• [PROBLEM DETAILS]: In the entries below, repeat only the lines between those holding "1 张 给嘴巴抹黑色的黑发美女" and "카카오, KB 국민은행, 페이코, 통신사PASS, 삼성PASS, 네이버, 신한은행", inclusive. Leave pictures out.

• [INPUT FOR THIS TASK]:
+++

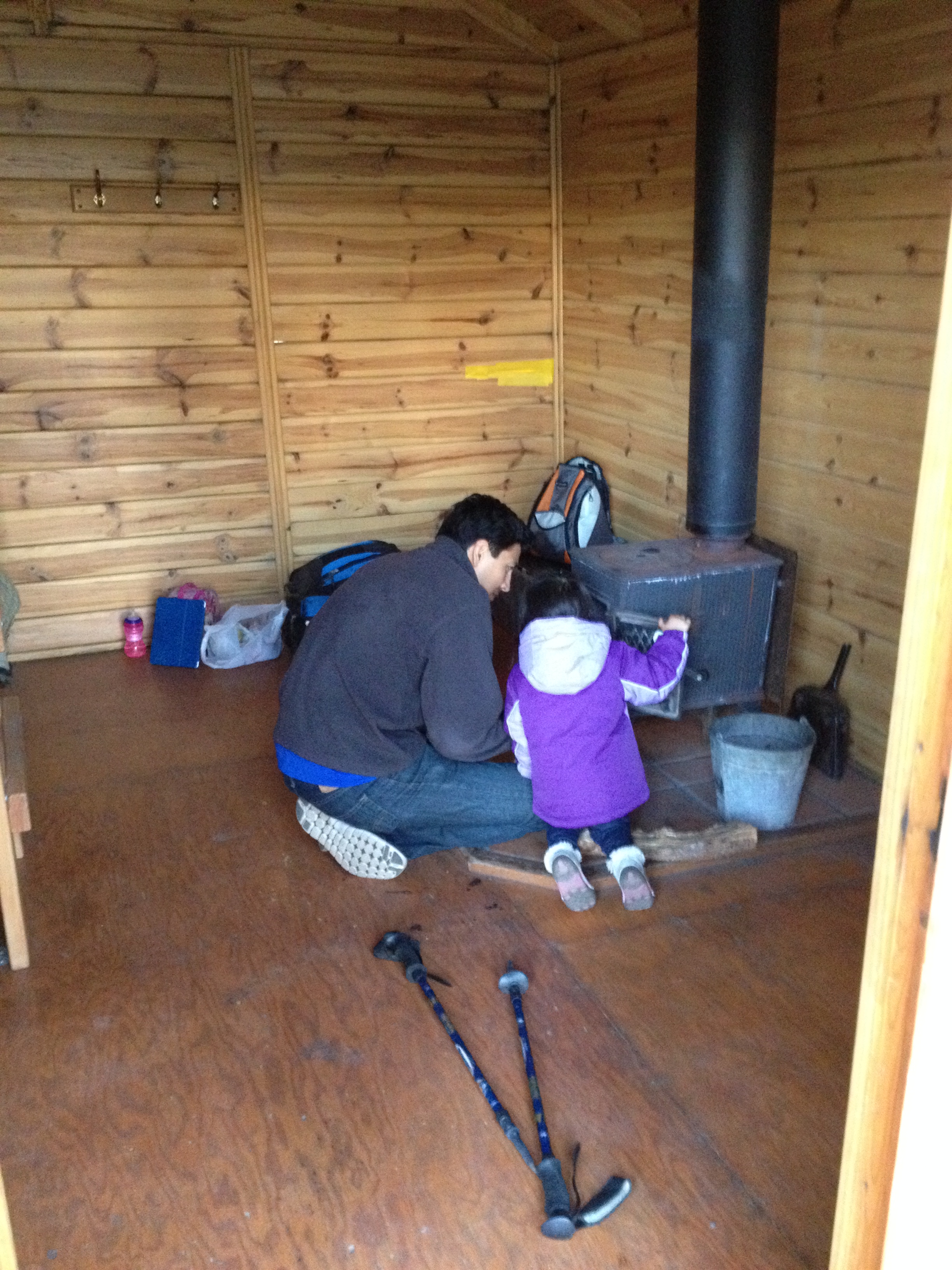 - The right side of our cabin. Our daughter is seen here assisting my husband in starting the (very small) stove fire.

+++

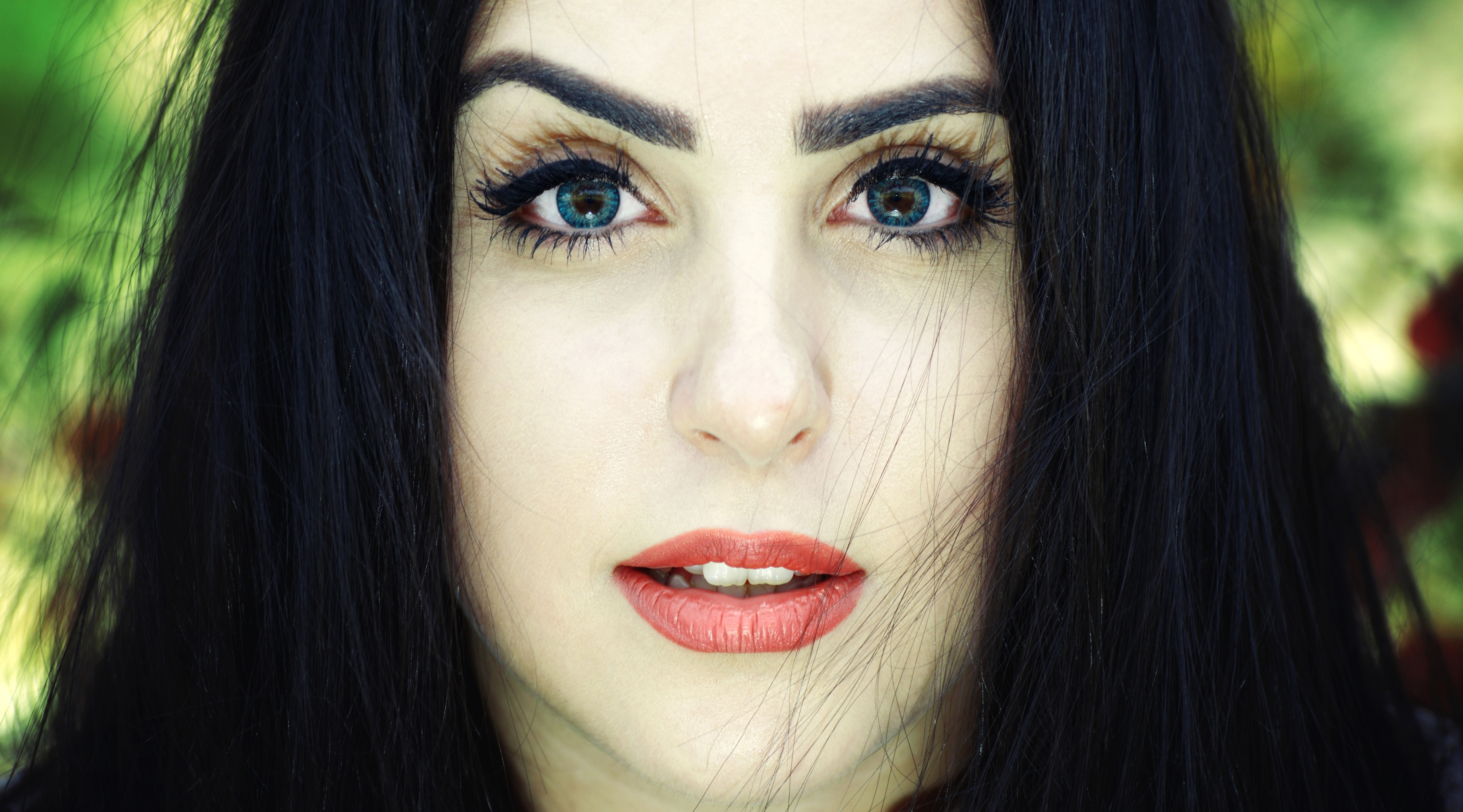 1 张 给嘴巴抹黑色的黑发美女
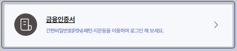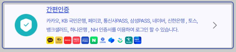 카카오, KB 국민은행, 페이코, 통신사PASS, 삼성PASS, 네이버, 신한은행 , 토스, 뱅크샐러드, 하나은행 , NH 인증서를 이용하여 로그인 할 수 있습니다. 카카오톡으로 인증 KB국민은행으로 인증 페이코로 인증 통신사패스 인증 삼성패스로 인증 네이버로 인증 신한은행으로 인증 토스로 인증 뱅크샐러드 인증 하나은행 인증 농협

+++

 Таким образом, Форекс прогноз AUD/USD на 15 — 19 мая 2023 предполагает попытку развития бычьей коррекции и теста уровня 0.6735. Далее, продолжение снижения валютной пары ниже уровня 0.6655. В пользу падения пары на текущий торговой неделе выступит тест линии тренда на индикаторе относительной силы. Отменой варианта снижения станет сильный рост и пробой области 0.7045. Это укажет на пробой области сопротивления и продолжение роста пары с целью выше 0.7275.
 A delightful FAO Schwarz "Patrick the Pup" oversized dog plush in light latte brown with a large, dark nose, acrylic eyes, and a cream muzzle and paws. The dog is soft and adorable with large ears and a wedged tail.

+++

• [RESULT]:
 1 张 给嘴巴抹黑色的黑发美女
 카카오, KB 국민은행, 페이코, 통신사PASS, 삼성PASS, 네이버, 신한은행 , 토스, 뱅크샐러드, 하나은행 , NH 인증서를 이용하여 로그인 할 수 있습니다. 카카오톡으로 인증 KB국민은행으로 인증 페이코로 인증 통신사패스 인증 삼성패스로 인증 네이버로 인증 신한은행으로 인증 토스로 인증 뱅크샐러드 인증 하나은행 인증 농협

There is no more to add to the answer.